Naimy Viviane, Haddad Omar, Fernández-Avilés Gema, El Khoury Rim
Department of Accounting and Finance, Faculty of Business Administration and Economics, Notre Dame University - Louaize, Zouk Mosbeh, Lebanon.
Faculty of Law and Social Sciences, University of Castilla-La Mancha, Toledo, Spain.
PLoS One. 2021 Jan 29;16(1):e0245904. doi: 10.1371/journal.pone.0245904. eCollection 2021.

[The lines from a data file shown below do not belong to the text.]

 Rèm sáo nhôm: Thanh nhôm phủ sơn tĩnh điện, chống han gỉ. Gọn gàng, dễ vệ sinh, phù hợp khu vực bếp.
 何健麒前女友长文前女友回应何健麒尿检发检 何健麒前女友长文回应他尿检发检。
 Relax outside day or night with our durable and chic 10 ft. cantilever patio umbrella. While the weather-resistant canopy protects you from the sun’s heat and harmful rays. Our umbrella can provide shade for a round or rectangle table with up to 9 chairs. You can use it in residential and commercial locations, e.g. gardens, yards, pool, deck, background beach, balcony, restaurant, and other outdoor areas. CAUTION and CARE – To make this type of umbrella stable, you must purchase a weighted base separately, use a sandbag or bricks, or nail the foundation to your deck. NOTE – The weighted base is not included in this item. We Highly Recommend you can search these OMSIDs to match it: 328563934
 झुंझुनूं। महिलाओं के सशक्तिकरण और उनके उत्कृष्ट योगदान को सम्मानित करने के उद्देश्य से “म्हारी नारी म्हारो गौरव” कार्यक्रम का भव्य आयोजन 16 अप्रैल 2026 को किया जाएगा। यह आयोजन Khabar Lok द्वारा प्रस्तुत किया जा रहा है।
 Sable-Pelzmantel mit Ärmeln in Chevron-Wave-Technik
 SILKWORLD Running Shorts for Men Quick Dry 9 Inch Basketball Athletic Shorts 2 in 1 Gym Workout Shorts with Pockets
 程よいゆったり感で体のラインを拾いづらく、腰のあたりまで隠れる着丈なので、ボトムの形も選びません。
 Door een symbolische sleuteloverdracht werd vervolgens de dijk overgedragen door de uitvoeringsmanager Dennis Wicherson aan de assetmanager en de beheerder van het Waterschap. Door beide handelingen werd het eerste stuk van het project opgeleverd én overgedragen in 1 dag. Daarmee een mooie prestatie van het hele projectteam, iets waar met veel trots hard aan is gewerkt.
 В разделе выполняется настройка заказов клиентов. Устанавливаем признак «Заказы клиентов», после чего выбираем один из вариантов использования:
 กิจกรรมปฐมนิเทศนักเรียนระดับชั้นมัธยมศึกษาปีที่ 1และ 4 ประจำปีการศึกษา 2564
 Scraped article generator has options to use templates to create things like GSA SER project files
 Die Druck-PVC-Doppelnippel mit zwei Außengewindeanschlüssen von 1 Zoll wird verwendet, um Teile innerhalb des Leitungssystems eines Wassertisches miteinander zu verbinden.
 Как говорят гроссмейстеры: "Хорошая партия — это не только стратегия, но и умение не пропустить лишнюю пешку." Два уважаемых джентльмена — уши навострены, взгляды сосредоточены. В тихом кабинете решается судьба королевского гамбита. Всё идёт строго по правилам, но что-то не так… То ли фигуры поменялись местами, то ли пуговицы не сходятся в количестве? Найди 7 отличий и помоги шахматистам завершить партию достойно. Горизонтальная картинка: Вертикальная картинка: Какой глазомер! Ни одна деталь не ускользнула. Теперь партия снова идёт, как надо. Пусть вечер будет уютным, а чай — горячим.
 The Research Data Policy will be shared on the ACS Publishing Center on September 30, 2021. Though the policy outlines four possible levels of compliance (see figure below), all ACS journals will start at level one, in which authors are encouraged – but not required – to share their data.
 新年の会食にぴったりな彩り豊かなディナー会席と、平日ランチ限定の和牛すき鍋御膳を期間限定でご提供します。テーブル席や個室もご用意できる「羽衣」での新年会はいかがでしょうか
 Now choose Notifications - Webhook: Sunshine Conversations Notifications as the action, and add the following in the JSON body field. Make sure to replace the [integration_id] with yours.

This paper provides a thorough overview and further clarification surrounding the volatility behavior of the major six cryptocurrencies (Bitcoin, Ripple, Litecoin, Monero, Dash and Dogecoin) with respect to world currencies (Euro, British Pound, Canadian Dollar, Australian Dollar, Swiss Franc and the Japanese Yen), the relative performance of diverse GARCH-type specifications namely the SGARCH, IGARCH (1,1), EGARCH (1,1), GJR-GARCH (1,1), APARCH (1,1), TGARCH (1,1) and CGARCH (1,1), and the forecasting performance of the Value at Risk measure. The sampled period extends from October 13th 2015 till November 18th 2019. The findings evidenced the superiority of the IGARCH model, in both the in-sample and the out-of-sample contexts, when it deals with forecasting the volatility of world currencies, namely the British Pound, Canadian Dollar, Australian Dollar, Swiss Franc and the Japanese Yen. The CGARCH alternative modeled the Euro almost perfectly during both periods. Advanced GARCH models better depicted asymmetries in cryptocurrencies' volatility and revealed persistence and "intensifying" levels in their volatility. The IGARCH was the best performing model for Monero. As for the remaining cryptocurrencies, the GJR-GARCH model proved to be superior during the in-sample period while the CGARCH and TGARCH specifications were the optimal ones in the out-of-sample interval. The VaR forecasting performance is enhanced with the use of the asymmetric GARCH models. The VaR results provided a very accurate measure in determining the level of downside risk exposing the selected exchange currencies at all confidence levels. However, the outcomes were far from being uniform for the selected cryptocurrencies: convincing for Dash and Dogcoin, acceptable for Litecoin and Monero and unconvincing for Bitcoin and Ripple, where the (optimal) model was not rejected only at the 99% confidence level.
本文全面概述并进一步阐明了六大主流加密货币(比特币、瑞波币、莱特币、门罗币、达世币和狗狗币)相对于世界货币(欧元、英镑、加元、澳元、瑞士法郎和日元)的波动行为、多种广义自回归条件异方差(GARCH)类模型(即标准GARCH、积分GARCH(1,1)、指数GARCH(1,1)、GJR - GARCH(1,1)、不对称幂次GARCH(1,1)、阈值GARCH(1,1)和成分GARCH(1,1))的相对表现,以及风险价值(VaR)度量的预测性能。采样期从2015年10月13日至2019年11月18日。研究结果表明,在样本内和样本外的情况下,当处理世界货币(即英镑、加元、澳元、瑞士法郎和日元)的波动率预测时,积分GARCH模型具有优越性。成分GARCH模型在两个时期内几乎完美地模拟了欧元。先进的GARCH模型更好地刻画了加密货币波动率中的不对称性,并揭示了其波动率的持续性和“强化”水平。积分GARCH是门罗币表现最佳的模型。至于其余加密货币,GJR - GARCH模型在样本期内表现优越,而成分GARCH和阈值GARCH模型在样本外区间是最优的。使用不对称GARCH模型可提高VaR预测性能。VaR结果在确定所有置信水平下所选外汇货币的下行风险水平时提供了非常准确的度量。然而,所选加密货币的结果远非一致:达世币和狗狗币令人信服,莱特币和门罗币尚可接受,比特币和瑞波币则缺乏说服力,其中(最优)模型仅在99%置信水平下未被拒绝。